Storage media is more reliable than it’s ever been. But while drive failures are fewer and further between, technology improvements do nothing to protect you from the No. 1 cause of data loss: human error. It’s devastating to lose the only copy you have of any file -- that important document or irreplaceable photo -- all because you mistakenly formatted the wrong drive or hit Delete too quickly. It’s even more infuriating when you have only yourself to blame.
The good news is that the tools for recovering data from disk drives, SSDs, SD cards, USB drives, and most every other kind of media continue to grow in power, ease, and versatility. The hardest part may not be the recovery itself, but sorting through the welter of tools available and figuring out which one is best for dealing with your particular disaster.
In this roundup, we’ll look at a gamut of software products that you can use to recover data from damaged media, reformatted media, and the land of accidental deletes. Ranging from free utilities for nontechnical users to commercial packages for businesses, they include tools for Windows, Mac, and Linux, and they encompass a variety of use cases, from simple end-user recovery (Recuva) to recovery as part of a general system analysis (Sleuth Kit/Autopsy) to reconstruction of data from RAID arrays (Kroll Ontrack EasyRecovery Enterprise).

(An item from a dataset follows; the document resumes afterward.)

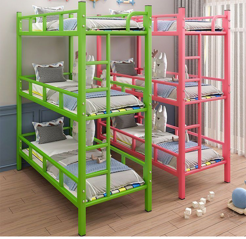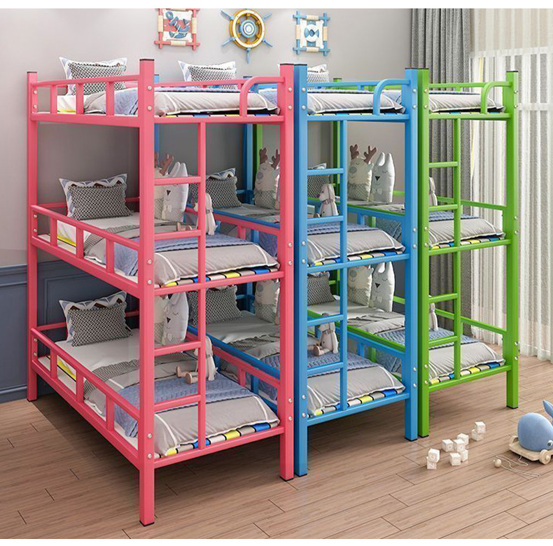 어린이 침대 이층 침대 제조 업체 도매 어린이 상단, 중간 및 하단 침대 학생 3 층 철제 프레임 침대 다양한 색상 철제 침대
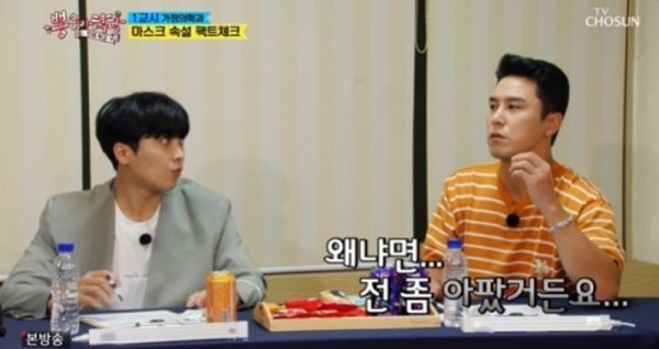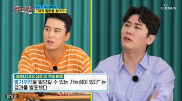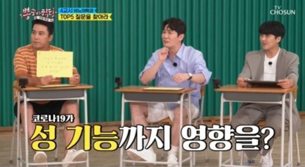 장민호는 “코로나19 확진 되면 성기능에도 문제가 생기는 경우가 있나”라고 질문했다. 전문의가 “문제 생길 가능성이 있다”라는 답변을 하자, 코로나19 확진 및 완치 경험이 있는 장민호, 영탁, 이찬원, 김희재는 울상을 지으며 책상에 얼굴을 파묻었다. 전문의가 “아직 상관 관계는 연구 중인데, 코로나19 감염으로 여러 가지 합병증이 온 분들 중 일부를 조직검사를 해 본 결과 음경 조직에서 코로나바이러스가 침투된 경우를 발견했다. 발기부전에 일으킬 수 있는 가능성이 있다는 연구가 나왔다”고 설명하자, 이찬원과 영탁은 안심한 표정을 지었다.

Whatever the nature of your particular data disaster, you’ll likely find the tool you need right here.
Few data recovery tools out there are as immediately useful and versatile as PhotoRec.
A free open source project that runs on Windows, Linux, and Mac OS X (both Intel and PowerPC Macs), PhotoRec uses file signatures to detect and recover files in 400-plus data formats, with more added all the time. It’s even possible to add custom data signatures -- in case you’re attempting to recover data from file formats of your own creation.
PhotoRec is a good, cost-free, first line of recovery for common file types. It’s also relatively foolproof to work with, and its more powerful options aren’t obtrusive. If all you need to do is yank the most readily recoverable data from a piece of media and you’re on a low budget, PhotoRec it is made to order.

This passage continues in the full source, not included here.